Four actions to focus on

  1. Target: Get hyperfocused on identifying potential customers—those most likely to close on a loan. ML-based models using multiple data sources will help predict conversion rates. Leads can be generated through your website, social media, referrals, community contacts—and by extending the relationship of your current clients, such as approaching those with existing auto loans to see if they would like to explore a home equity mortgage.
  2. Engage: Customers crave speed, online access, and a personalized approach to service. They want their lender to anticipate their needs within a frictionless, omnichannel journey. Customer experience is the primary differentiator for mortgage lenders. If you can deliver an exceptional, personalized experience, the result will be that your customers buy your brand, not your rate.
  3. Scoring: Improvements in credit scoring will reduce delinquencies and increase profitability. Collecting data on factors such as borrower credit history, wages, employment, assets, tax, and debt will transform data into insight into the projected loan performance. Previously hidden financial relationships are uncovered, and with growing volumes of data, predictions rapidly become more accurate. Better understanding of a qualified lead’s profile will continually refine your credit scoring engine.
  4. Distribution: Ensure that you’re funneling leads to the proper loan officer—the best skill set match and communicator for that lead so that you have the highest conversion rate. And make sure that the employee has all the information they need to take the next right action.

Lessons learned

The traditionally conservative mortgage industry has not been quick to modernize. But the global pandemic opened doors to new ways of lending and taught us that loans could be opened and closed remotely. Those that were ahead of the modernization curve have benefitted greatly.

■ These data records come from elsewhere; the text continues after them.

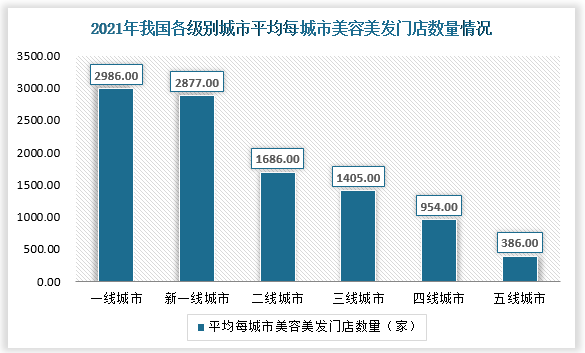 从区域竞争来看,我国一线、新一线城市平均每城市美容美发门店数量较多,其中一线城市平均每城市美容美发门店数量约为2986家。另外,平均每城市美容美发门店数量是随着城市级别的降低而逐渐减少,其中五线城市平均每城市美容美发门店数量约为386家。
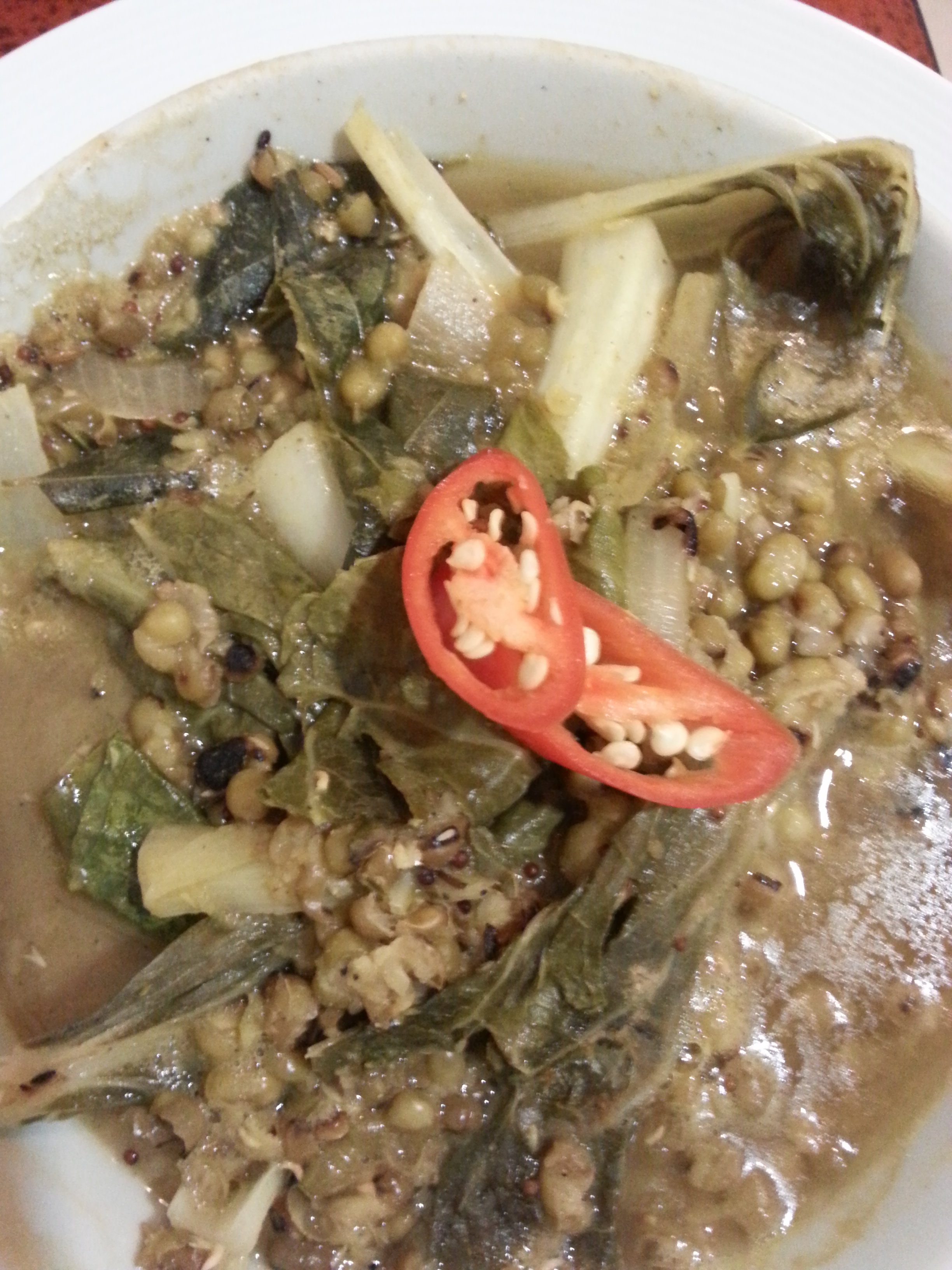 Add to the mung beans, which should be in a soupy liquid. Then add the rest of the ingredients and simmer gently until soft. To make it a one-pot meal I throw in some green veg with the other ingredients, and presto – there’s a meal in a bowl! Taste for seasoning, add coriander and serve in large soup bowls.
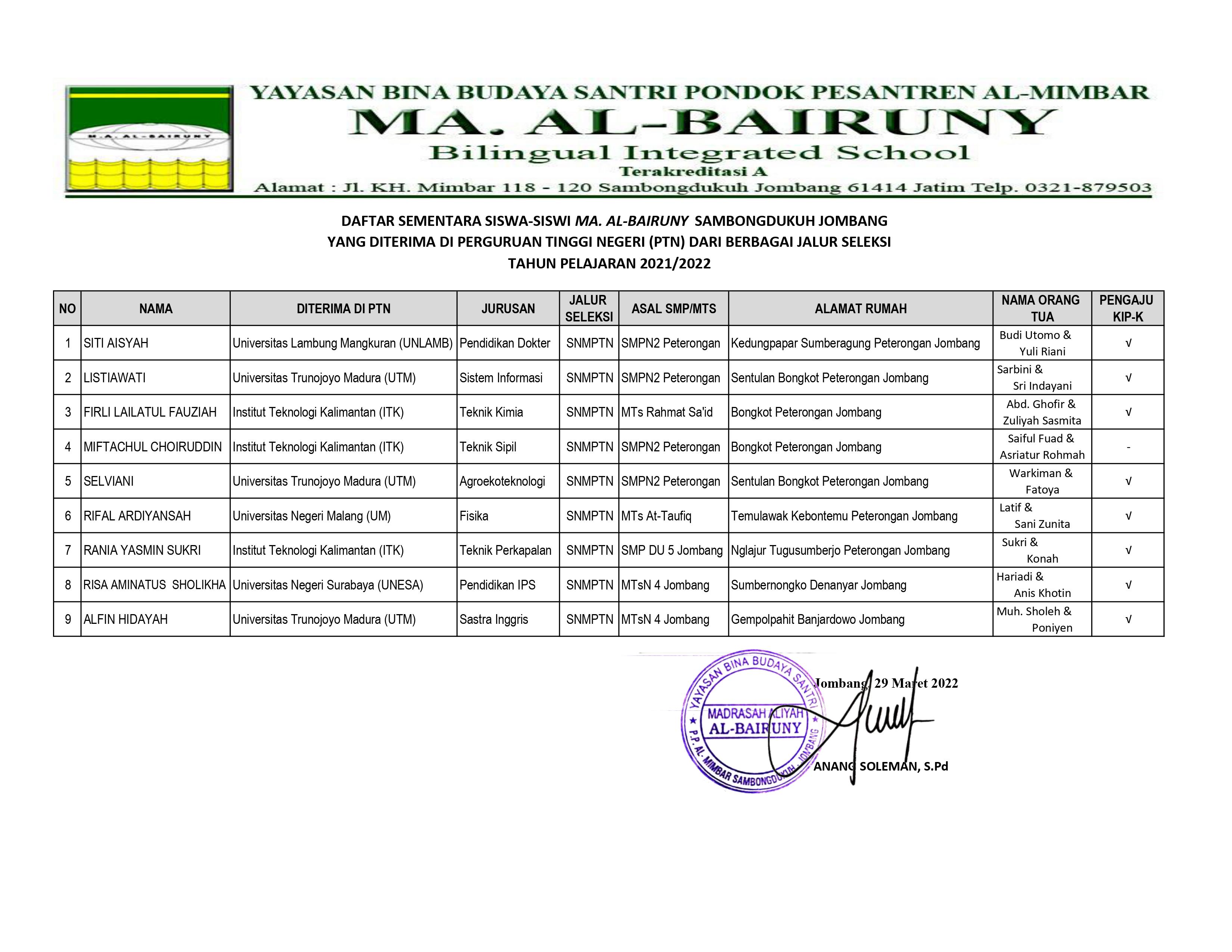 Khususnya Madrasah Aliyah AL-BAIRUNY Jombang, Setelah melewati beberapa tahapan antara lain seperti proses perenkingan nilai siswa yang eligible, pendaftaran KIP-kuliah dan proses pendaftaran Seleksi Nasional Masuk Perguruan Tinggi Negeri (SNMPTN) Tahun 2022 yang mulai dibuka pada Senin 14 Februari 2022 hingga 28 Februari 2022 lalu.
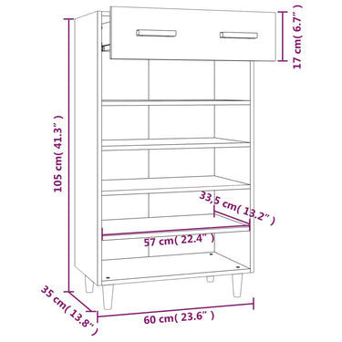 Schoenenkast 60x35x105 cm bewerkt hout wit

The pressure to digitize is valid. Digitization transforms a cumbersome, time-consuming process into an automated, efficient one that increases the integrity and usefulness of data, leading to better-informed decisions and an expanded market for credit.

With the available new technologies, coupled with how deeply we understand the borrower and human behavior involved in the loan process, there’s never been a better time to be in the mortgage business.